China-focused Satire, Social Commentary, Comics and More

The Last of the Really Great Idlers

Totally Awesome Picture of the Week 60

See that mark? That carefully printed red symbol on the far right that looks similar to the tattoos American teenagers like to have injected permanently into their skin? Unlike those, this is not a sign of innocence. This is the chai, indicating the approach of doom. The mark of death for these solid single family structures. Last week every building on the block behind our apartment building was chaied and on both entrances to the alley red banners were strung informing people that “the citizens are the image of the city and the city is the spirit of the people.” Following the chaiing, the dull gray walls have become increasingly bright as they have been further smothered in neon moving company advertisements.

Though these structures can be replaced, the land they sit on is a well known and important breeding and feeding ground for many endangered classes of indigenous homosapiens. These “characters,” as they are known to anthropologists, depend greatly on their shared bathrooms, broken windows and no plumbings. Many professionals familiar with the situation fear that any change of environment will irreversibly damage the population.

So far, life for our precious neighbors continues as usual: the Butcher awakens at 7, sets out his plywood table, lights his cigarette, places it carefully between his lips, takes his cleaver in hand and hacks apart his pig of the day. The Vegetable Man drags out his cartons of tomatoes, potatoes, greens and ginger, unfolds his chair and reclines, waiting for business. The Tofu Guy sports his bright green rain boots, 80’s era ski jacket and dull pink visor beanie; yelling insults at the Butcher he pushes the dough-ish white squares of his trade from the near corner. And, down on the far end, the Malatang restaurants sort their ingredients and prepare their broths. The children chase and yell under the watchful eyes of their grandparents who joke and bargain with passing street vendors.

As calm as everyone seems, tensions are high. Arguments have increased; instead of weekly screaming fights we now hear and see them daily. The Butcher’s table stays set up well past his usual noon closing time, the last few nights the meat sat out until sundown, and Vegetable Man has actually been getting up to serve customers during his normal mid-day, three hour rest.

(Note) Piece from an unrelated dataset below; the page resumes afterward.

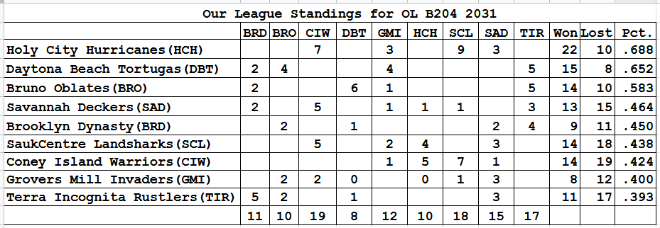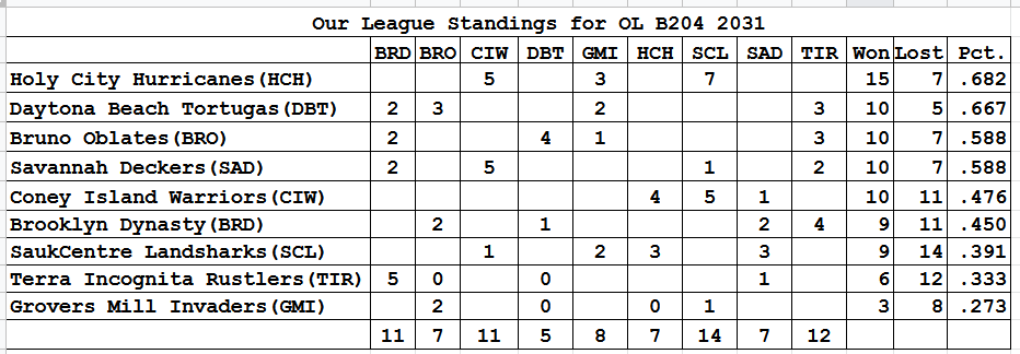 Claptown moves into a tie with New York for the top spot. Bushwood and Waffletown playing the long game as they wait for their first OL action (later this month). Both will have exactly 10 OL games, so hoping to make the most of a limited schedule. Last edited by stl jason; 07-13-2022 at 08:00 AM. |

Though these changes may seem insignificant, they are not. In fact, from a scientific standpoint, these minor alterations in habits may indicate larger, more severe and permanent transformations of lifestyle. In other words, the customary behavior of these beautiful specimens is in jeopardy. Who is to say their traditions will be strong enough to survive this forced evolution? Where will they set up their card table with hot pot and baijiu? How will they concurrently spit, eat, drink and hawk their goods in an apartment building? Where will the babies pee?

No, this will never do. Their habitat must become a nature or un-nature reserve. Or a Unesco World Heritage site. But who will save these brilliant shirkers? Certainly not themselves and, as objective scientists, we cannot intervene in good conscience. Perhaps these characters, like so many before them, are fated to be destroyed in the throes of heroism, sacrificed for the spirit of this ancient city.

2 Responses to “The Last of the Really Great Idlers”

  1. justrecently says:

    It isn’t chai, it’s zhe, uneducated cantopopper.

  2. Editors says:

    Chai1 as in chaifangzi (demolish a house) not zhe. Sorry if we offended you but we’re not entirely uneducated. Maybe your vision was just clouded by your arrogance.